Implementation of ViraTrace approach of distributed contact tracing and infection risk estimation using homomorphic encryption, implemented using Microsoft SEAL.
This approach enhances the privacy of the nodes in the network.
Adapt the steps from the Dockerfile for your platform, or build the container and use the shell of a running instance.
ViraTrace is a simulation based approach for ranking risk (i.e. probability of being infected) in a network. In the paper, it is demonstrated that this approach elegantly accounts for the degree of contact and network topology, while being free of the paradoxes of some of the alternative approaches.
- A node's state is modelled as a vector of booleans.
- The count of values that are
true
is interpreted as the risk score. - The length of the vector is interpreted as the number of simulations being run in parallel.
- A node with a confirmed diagnosis has a risk score equal to the simulation size, while one who has no possibility of the disease has a risk score of zero.
- The infectivity (i.e. probability of transmission) of a node is modelled as a vector of booleans. The values may be interpreted as iid draws from a latent Bernoulli variable.
- The function that gives success probability of the latent bernoulli variable sampled to get the infectivity vector is isomorphic to the one that gives the true infectivity, but is transformed to give a usable distribution of risk scores for a reasonable simulation size.
- A node's transmission likelihood is the logical conjunction of a its state and its infectivity.
- A node's posterior risk score is the logical disjunction of its state and the transmission likelihood of the other node.
As an example, say Alice and Bob meet with their prior state vectors given by:
alice_prior = [0, 1, 1, 1, 0, 0, 0, 1, 1, 0]
bob_prior = [1, 1, 0, 1, 0, 0, 0, 0, 0, 1]
The probabilty of Alice transmitting the infection to Bob is 0.3 (calculated using her current state, duration of contact, distance etc.). The infectivity and likelihood vectors for Alice, and the posterior risk score for Bob are given by:
alice_infectivity = [0, 0, 1, 0, 0, 0, 0, 0, 0, 0] // can vary between runs
alice_likelihood = [0, 0, 1, 0, 0, 0, 0, 0, 0, 0]
bob_posterior = [1, 1, 1, 1, 0, 0, 0, 0, 0, 1]
The private data held by each node is its state vector and the tranmission likelihood for the interaction. Considering Alice and Bob, there are two ways to propogate risk through the network:
- Alice shares her state with Bob, who computes the disjunction with his transmission likelihood and returns the posterior risk score.
- Bob shares his transmission likelihood with Alice, who then updates her state.
This project takes the first approach. Concretely,
- Alice homomorphically encrypts her state and sends the cipher text to Bob.

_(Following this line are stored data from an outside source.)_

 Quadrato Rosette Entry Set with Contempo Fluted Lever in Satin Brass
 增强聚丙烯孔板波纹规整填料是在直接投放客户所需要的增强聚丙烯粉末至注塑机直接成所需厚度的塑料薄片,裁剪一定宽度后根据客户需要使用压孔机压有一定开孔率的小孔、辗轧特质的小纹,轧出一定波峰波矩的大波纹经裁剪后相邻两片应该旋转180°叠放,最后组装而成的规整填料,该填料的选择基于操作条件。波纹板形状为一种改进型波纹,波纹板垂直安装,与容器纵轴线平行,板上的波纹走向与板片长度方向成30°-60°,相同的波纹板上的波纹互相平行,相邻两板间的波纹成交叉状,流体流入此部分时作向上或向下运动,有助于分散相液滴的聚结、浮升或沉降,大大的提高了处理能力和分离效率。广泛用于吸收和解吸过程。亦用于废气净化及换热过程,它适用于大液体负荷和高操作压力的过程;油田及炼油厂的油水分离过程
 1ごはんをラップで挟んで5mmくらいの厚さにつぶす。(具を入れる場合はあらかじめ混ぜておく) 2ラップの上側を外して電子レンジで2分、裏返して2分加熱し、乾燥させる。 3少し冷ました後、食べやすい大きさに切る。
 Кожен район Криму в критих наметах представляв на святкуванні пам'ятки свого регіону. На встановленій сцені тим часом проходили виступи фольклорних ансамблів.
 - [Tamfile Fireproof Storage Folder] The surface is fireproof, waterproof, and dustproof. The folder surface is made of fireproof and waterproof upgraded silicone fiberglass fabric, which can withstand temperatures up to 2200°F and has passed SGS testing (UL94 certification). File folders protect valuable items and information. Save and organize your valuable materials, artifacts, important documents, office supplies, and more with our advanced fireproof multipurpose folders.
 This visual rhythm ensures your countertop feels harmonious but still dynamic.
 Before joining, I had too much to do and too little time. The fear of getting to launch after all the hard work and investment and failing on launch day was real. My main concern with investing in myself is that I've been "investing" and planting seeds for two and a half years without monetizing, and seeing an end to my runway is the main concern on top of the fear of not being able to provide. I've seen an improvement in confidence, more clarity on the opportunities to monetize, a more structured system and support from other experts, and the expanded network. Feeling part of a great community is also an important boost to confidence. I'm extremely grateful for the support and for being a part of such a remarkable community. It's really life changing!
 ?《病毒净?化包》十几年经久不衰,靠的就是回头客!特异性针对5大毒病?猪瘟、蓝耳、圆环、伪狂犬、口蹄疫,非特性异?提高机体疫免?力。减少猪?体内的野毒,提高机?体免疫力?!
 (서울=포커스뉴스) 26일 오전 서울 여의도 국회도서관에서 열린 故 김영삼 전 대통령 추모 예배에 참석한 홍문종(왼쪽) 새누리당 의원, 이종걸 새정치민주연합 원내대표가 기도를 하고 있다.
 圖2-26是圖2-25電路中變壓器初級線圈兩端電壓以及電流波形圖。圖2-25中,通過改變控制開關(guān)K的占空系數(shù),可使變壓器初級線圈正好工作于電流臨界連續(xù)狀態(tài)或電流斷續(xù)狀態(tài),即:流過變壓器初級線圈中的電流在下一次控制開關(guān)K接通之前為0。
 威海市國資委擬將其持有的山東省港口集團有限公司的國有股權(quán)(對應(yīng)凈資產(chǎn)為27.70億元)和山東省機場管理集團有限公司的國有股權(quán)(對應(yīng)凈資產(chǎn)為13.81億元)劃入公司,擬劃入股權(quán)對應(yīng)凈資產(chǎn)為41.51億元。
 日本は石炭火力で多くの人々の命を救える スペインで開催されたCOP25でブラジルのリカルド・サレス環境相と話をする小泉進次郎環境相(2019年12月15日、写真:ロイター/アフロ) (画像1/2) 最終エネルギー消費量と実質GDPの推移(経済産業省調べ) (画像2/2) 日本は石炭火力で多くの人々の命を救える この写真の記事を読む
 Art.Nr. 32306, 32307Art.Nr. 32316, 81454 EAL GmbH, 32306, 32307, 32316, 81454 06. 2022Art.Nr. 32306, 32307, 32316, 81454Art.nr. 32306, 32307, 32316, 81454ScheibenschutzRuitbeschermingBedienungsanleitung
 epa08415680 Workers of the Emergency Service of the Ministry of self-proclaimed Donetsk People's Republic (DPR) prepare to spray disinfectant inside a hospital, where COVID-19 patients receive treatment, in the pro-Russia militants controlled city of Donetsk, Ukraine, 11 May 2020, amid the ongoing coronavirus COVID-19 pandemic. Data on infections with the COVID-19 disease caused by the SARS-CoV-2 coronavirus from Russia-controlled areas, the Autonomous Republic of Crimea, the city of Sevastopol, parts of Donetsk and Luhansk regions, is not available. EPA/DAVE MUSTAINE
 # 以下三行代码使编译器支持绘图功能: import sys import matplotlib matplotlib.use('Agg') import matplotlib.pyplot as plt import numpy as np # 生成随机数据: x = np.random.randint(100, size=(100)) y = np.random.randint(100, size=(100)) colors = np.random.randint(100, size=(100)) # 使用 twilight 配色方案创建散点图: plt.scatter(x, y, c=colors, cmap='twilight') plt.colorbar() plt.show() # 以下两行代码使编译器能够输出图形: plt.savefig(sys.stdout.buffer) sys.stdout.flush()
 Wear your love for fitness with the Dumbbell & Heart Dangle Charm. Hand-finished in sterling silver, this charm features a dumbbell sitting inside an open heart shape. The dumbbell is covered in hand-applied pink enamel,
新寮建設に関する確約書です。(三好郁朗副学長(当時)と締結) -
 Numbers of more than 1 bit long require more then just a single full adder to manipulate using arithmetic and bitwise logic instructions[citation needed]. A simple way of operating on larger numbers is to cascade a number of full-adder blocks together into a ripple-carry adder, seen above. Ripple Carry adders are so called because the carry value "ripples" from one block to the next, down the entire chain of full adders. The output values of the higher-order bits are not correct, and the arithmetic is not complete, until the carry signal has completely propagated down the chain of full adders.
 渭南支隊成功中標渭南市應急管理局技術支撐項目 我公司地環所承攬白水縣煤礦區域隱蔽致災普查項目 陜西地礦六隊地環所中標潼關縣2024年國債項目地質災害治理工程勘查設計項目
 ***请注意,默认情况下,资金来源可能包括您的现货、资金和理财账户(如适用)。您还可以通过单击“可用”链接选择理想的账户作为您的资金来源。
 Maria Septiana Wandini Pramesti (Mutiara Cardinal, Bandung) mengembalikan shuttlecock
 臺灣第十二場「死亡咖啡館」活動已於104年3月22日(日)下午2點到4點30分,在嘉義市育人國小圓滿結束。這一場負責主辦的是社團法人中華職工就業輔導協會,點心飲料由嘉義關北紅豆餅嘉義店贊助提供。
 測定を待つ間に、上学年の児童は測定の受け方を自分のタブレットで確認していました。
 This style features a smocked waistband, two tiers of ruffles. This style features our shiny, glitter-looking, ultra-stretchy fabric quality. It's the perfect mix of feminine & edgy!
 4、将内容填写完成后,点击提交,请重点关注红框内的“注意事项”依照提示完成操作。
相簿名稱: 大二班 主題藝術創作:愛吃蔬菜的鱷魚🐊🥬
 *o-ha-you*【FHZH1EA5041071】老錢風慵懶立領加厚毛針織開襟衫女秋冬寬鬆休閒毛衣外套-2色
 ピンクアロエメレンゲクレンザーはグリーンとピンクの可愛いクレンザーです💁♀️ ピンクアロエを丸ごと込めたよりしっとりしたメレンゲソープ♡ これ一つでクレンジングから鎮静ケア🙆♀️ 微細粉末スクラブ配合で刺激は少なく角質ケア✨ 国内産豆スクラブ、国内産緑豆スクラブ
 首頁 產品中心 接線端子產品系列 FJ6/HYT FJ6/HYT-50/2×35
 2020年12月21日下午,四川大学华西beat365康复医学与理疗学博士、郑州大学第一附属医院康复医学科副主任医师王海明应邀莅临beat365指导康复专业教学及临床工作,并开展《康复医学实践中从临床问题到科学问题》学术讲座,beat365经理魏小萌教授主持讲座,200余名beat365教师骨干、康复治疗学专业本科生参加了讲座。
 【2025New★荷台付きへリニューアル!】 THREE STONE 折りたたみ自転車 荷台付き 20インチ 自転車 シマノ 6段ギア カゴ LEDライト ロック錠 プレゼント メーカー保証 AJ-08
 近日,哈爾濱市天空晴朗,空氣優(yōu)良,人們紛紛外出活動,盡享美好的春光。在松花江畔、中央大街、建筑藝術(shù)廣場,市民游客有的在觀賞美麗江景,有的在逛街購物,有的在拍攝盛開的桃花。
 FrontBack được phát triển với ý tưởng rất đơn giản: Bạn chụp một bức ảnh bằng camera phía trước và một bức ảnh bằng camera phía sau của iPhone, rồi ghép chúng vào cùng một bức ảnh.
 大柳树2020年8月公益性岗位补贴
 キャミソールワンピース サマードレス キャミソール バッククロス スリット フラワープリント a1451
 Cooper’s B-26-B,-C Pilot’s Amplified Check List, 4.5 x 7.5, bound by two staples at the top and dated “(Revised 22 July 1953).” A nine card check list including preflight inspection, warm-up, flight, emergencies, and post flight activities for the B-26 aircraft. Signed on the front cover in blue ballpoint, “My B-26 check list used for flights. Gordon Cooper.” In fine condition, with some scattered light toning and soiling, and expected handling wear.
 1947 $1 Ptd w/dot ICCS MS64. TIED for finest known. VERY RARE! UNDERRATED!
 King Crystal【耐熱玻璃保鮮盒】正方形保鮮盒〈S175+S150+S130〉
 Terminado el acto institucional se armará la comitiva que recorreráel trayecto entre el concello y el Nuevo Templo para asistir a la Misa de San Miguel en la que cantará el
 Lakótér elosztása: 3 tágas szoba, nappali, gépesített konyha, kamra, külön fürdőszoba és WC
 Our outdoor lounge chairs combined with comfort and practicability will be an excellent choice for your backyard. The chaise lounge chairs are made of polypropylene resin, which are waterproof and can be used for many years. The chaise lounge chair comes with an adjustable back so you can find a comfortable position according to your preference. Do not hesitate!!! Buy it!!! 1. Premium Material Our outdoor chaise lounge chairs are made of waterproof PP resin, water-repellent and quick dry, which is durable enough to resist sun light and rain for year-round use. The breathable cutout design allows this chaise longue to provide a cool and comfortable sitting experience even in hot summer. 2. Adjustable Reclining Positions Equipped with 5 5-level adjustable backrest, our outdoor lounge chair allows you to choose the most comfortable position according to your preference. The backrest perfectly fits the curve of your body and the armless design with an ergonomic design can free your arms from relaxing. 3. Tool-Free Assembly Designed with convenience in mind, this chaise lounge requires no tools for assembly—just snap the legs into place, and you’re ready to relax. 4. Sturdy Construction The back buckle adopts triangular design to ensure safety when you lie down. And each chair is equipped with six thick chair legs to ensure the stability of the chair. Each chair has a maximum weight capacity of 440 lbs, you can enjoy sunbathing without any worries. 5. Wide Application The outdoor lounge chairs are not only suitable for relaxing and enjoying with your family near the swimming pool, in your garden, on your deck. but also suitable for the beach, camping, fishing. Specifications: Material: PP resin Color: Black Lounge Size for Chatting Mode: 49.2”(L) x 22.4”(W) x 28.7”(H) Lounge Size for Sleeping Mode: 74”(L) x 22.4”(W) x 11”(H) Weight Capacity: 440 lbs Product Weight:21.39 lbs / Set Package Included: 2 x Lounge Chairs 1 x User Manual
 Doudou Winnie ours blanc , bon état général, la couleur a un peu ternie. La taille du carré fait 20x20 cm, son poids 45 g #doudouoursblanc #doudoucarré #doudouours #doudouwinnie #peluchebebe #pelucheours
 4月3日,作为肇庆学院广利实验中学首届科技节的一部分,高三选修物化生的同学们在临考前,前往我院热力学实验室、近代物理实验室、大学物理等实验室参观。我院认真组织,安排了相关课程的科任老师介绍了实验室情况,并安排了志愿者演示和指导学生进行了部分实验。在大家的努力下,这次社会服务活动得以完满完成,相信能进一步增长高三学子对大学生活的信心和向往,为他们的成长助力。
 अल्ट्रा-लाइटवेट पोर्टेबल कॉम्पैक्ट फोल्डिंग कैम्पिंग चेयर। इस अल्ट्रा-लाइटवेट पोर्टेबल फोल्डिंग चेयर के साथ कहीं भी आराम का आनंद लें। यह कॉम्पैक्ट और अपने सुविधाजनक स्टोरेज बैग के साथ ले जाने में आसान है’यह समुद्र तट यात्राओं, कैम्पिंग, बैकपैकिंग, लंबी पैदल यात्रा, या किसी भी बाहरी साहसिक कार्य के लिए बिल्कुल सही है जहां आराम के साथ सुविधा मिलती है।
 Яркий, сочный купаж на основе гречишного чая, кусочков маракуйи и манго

- Bob computes the logical disjunction on the encrypted ciphertext and returns the transformed ciphertext.
- Alice decrypts the cipher text and sets her state to the disjunction of her state with the decrypted ciphertext.
- The state vectors are mapped to integers, with
true
mapped to0
andfalse
mapped to1
. With this mapping, logical disjunction is equivalent to multiplication. - The state vector (of Alice) is encrypted using the BFV scheme, and multiplied (by Bob) with a plain text encoding of the transmission likelihood.
- Alice decrypts the ciphertext and inverse maps the integers to booleans. Her state is set to its disjunction with the decrypted vector.
Without homomorphic encryption, privacy conscious implementations would take the second approach, i.e. share the transmission likelihood using public key encryption. With the approach described above, only the marginal transmission likelihood, i.e. excess risk due to the interaction, is exchanged. The advantages are:
- Privacy is increased without sacrificing efficacy.
- The lost privacy is concordant with the magnitude of the externality.
To understand the implications of the second point, consider the case of a highly contagious Alice interacting with a healthy Bob. In this case, Alice poses a much higher risk to Bob than Bob poses to Alice. Alice's posterior state vector will be
nearly the same as her prior (since it was mostly true
), therefore the information she gains about Bob's infectivity is
minimal. On the other hand, Bob's posterior will be significantly different from his prior (since it was mostly false
),
and he gains a lot of information about Alice's infectivity. Without homomorphic encryption, both would have learnt the
same amount of information about the other.